Headlined "Nation's Youth Turning Away From Marijuana," the statement announced the results of the 2003 National Survey on Drug Use and Health (NSDUH). Thompson gave credit to President Bush, saying that stepped-up anti-drug efforts are "a cornerstone of his compassionate agenda." White House drug czar John Walters chimed in, declaring, "Young people are getting the message," particularly about marijuana.

Thompson and Walters – who appeared together at a Washington D.C. press conference – failed to mention that drug use remains at near-record levels, vastly higher than when President Richard Nixon declared "war on drugs" back in1970.

Central to Thompson's claim of progress is a reduction in the percentage of 12- to-17-year-olds who say they have ever used marijuana; from 20.6 percent in 2002 to 19.6 percent in 2003. But that 19.6 percent figure is two and a half times the 1970 rate, and exactly equal to the previous historical peak, 1979. The only time it's ever been higher was during a record-setting spike from 1998 to 2002.
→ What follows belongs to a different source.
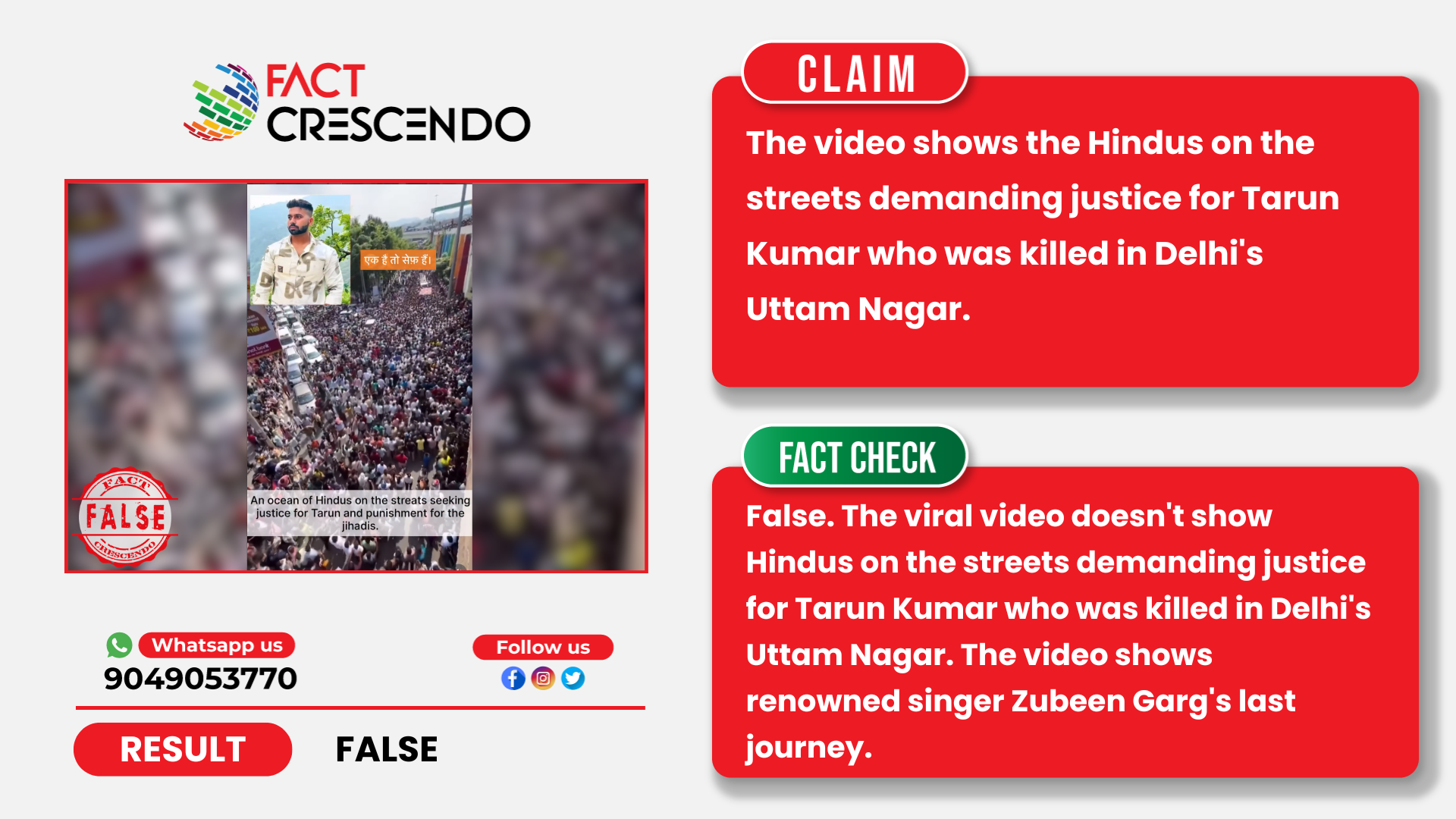 From our investigation, we can say that the claim is false. The viral video doesn’t show Hindus on the streets demanding justice for Tarun Kumar who was killed in Delhi’s Uttam Nagar. The video shows renowned singer Zubeen Garg’s last journey.

Overall, use of illicit drugs actually rose a bit in 2003, and the number of Americans who have used marijuana reached an all-time high of 97 million. Some 15 million Americans used marijuana at least monthly, also an increase from 2002. That's the equivalent of every man, woman and child in Alabama, Maine, New Mexico, Wisconsin, Wyoming and North Dakota lighting up each month.

Given that for three years running the administration has carpet-bombed the airwaves with commercials designed to terrify the public about the dangers of marijuana, this is an astonishing record of failure.

The number of Americans using cocaine in the past month also rose. Sifting through the data, one finds a number of other little bombshells that Thompson and Walters neglected to mention. Particularly telling are the numbers of Americans trying illicit drugs for the first time.

In 2002 – the latest figure included in the NSDUH report – just under 1.8 million kids under 18 tried marijuana for the first time. That is barely lower than the late-'70s peak and one third higher than when Nixon began the modern drug war in 1970. The number of Americans trying marijuana is now running neck and neck with the number smoking cigarettes for the first time, while the number of teens trying cocaine for the first time is now nearly four times the 1970 figure.

If this is "encouraging news," one wonders what bad news would look like.

Even the figures the government touts as positive news have a dark underside. If, as Thompson would have us believe, the federal anti-marijuana campaign is responsible for recent, modest declines in teen marijuana use, it may be coming at the expense of efforts to discourage underage drinking.

That's important, because scientifically speaking, there is no doubt about which is the more dangerous drug. Alcohol is a central nervous system depressant that, when taken in excess, may cause the user to stop breathing and die. Marijuana has no such effect and there is no documentation that it has ever caused a fatal overdose. Prolonged, heavy alcohol use causes gross and potentially life-threatening damage to the brain, liver and other organs. Marijuana does not.

So while the drug warriors focus on marijuana, reasonable people might be concerned that teen alcohol use edged up last year. Even more disturbing, 10.6 percent of 12- to-17-year-olds reported "binge drinking" (having five or more drinks on the same occasion) within the last month – far higher than the 7.9 percent who used any marijuana in the past month.